Drug Officials Pay AT&T to Spy On America, Because Some Work is Too Dirty For the Government

Impact

For six years, PRISM was far removed from the American public eye, until Glenn Greenwald broke his story on PRISM and the NSA in June 2013. It took three more months for the public to find out about yet another government surveillance program, this one involving the Department of Justice's Drug Enforcement Administration (DEA).

Like PRISM, the Hemisphere Project began in 2007 in "high intensity drug trafficking" areas, according to the PowerPoint presentation slides obtained by the New York Times.

The project involves the government paying AT&T to staff its units with DEA agents. Hemisphere collects data from "every call that passes through an AT&T switch," which amounts to "4 billion call detail records" on a daily basis. The program has access to "long distance and international" data dating back 26 years. With this information, the government can acquire phone records of anyone who has ever made a call to or from an AT&T phone since 1987.
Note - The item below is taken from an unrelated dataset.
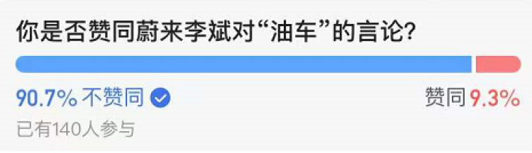 在一项关于你是否赞同蔚来李斌对“油车”的言论的小投票上,有90%以上的网友选择了“不赞同”。
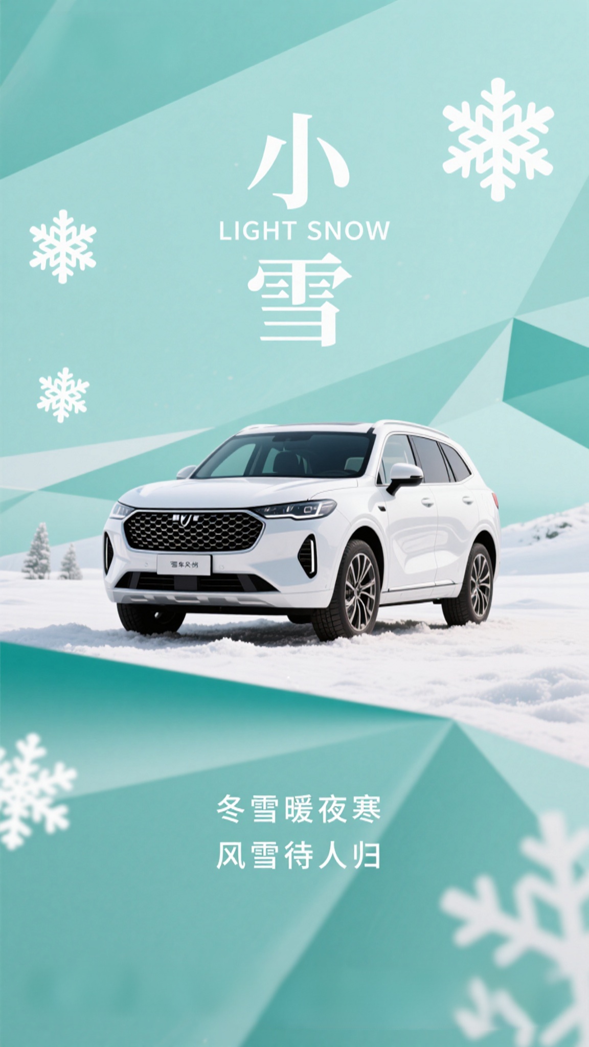 作品描述:汽车行业风格,小雪海报,浅薄荷绿背景,几何雪花元素点缀,白色 SUV 汽车主体,“小雪 LIGHT SNOW 冬雪暖夜寒 风雪待人归” 文字,现代简约风

The slides, updated with information from March 2013, state that the collected data can only be obtained "in response to federal, state, and local administrative/grand jury subpoenas." The call records will otherwise be stored by the carrier, AT&T, as if to provide any assurance.

The Hemisphere Project highlights a confusing and contentious questions surrounding privacy: Since when are companies, which are profit-driven by nature, able to be entrusted with people's private information?

One can rightly assume that the program, which is funded by the Department of Justice, includes payments to AT&T. One may also infer that AT&T participates in Hemisphere to make money.

Should Americans be outraged that they are being spied upon? Or should they be thankful that drug dealers and other criminals are getting captured?

As Americans are increasingly dependent on cell phones, Hemisphere's "success stories" of tracking drug dealers, robbers, and a murder suspect are not surprising. In fact, they are expected. According to May 2013's Pew Internet Project's research, 91% of Americans have a cell phone. That people living with an income below the poverty level also possess cell phones highlights how ubiquitous and necessary cell phones have become. American's mobile device activities reveal much personal information. 

Cell phones have the potential to become portable telescreens of the 21st century. This is why Americans need to speak up and draw the line, however fine it may be. "Success stories," however, should not be what drive or excuse any surveillance programs. There is a reason telescreens aren't installed in every American's home.